Data to examine below:

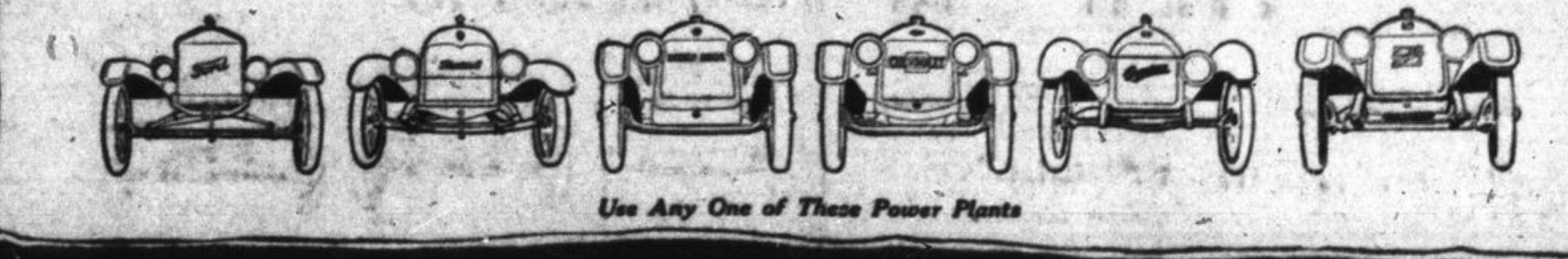
Use Any One of These Power Plants

W. F. KELLY OIL CO., Cor. Brock and Ontario Streets. Phone 486.
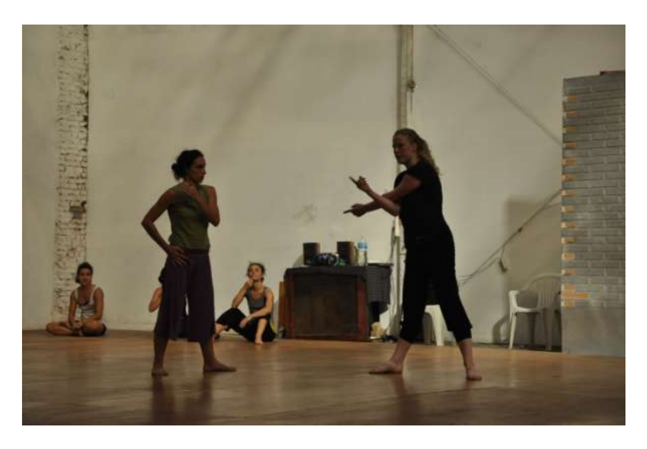
With artists from Casa Dorrego during a creative session.
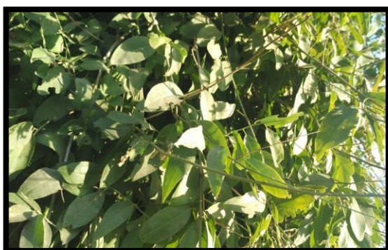
(3) Leaves part
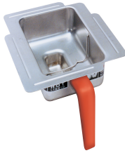
FUNNEL ASSY,SST-PP ORANGE HDL
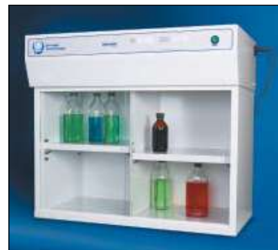
822 Mini storage cabinet
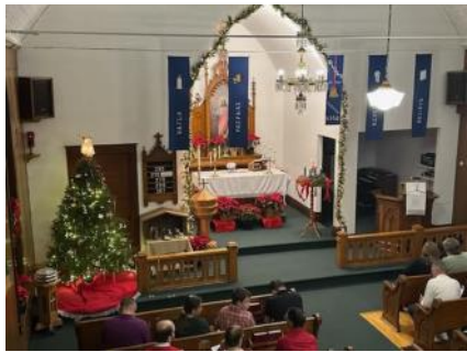
Christmas Eve Worship
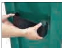
Removable storage box provided for tool trolley
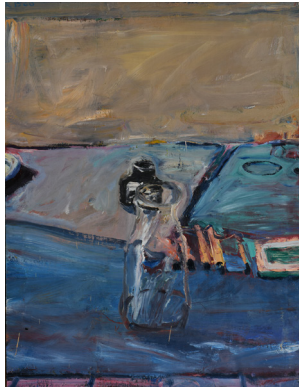
Richard Diebenkorn (American, 1922–1993) Bottles , 1960 Oil on canvas 34 x 26 in. (86.4 x 66 cm) Norton Simon Museum, Gift of the Artist © Richard Diebenkorn Foundation

May 13–August 22, 2022 at the Norton Simon Museum

End of Data to examine.

Goal of the exercise:
After locating the line that holds "With artists from", output exactly the lines from it through the last line of the material above, inclusive, without pictures.

Solution for this problem:
With artists from Casa Dorrego during a creative session.
(3) Leaves part
FUNNEL ASSY,SST-PP ORANGE HDL
822 Mini storage cabinet
Christmas Eve Worship
Removable storage box provided for tool trolley
Richard Diebenkorn (American, 1922–1993) Bottles , 1960 Oil on canvas 34 x 26 in. (86.4 x 66 cm) Norton Simon Museum, Gift of the Artist © Richard Diebenkorn Foundation

May 13–August 22, 2022 at the Norton Simon Museum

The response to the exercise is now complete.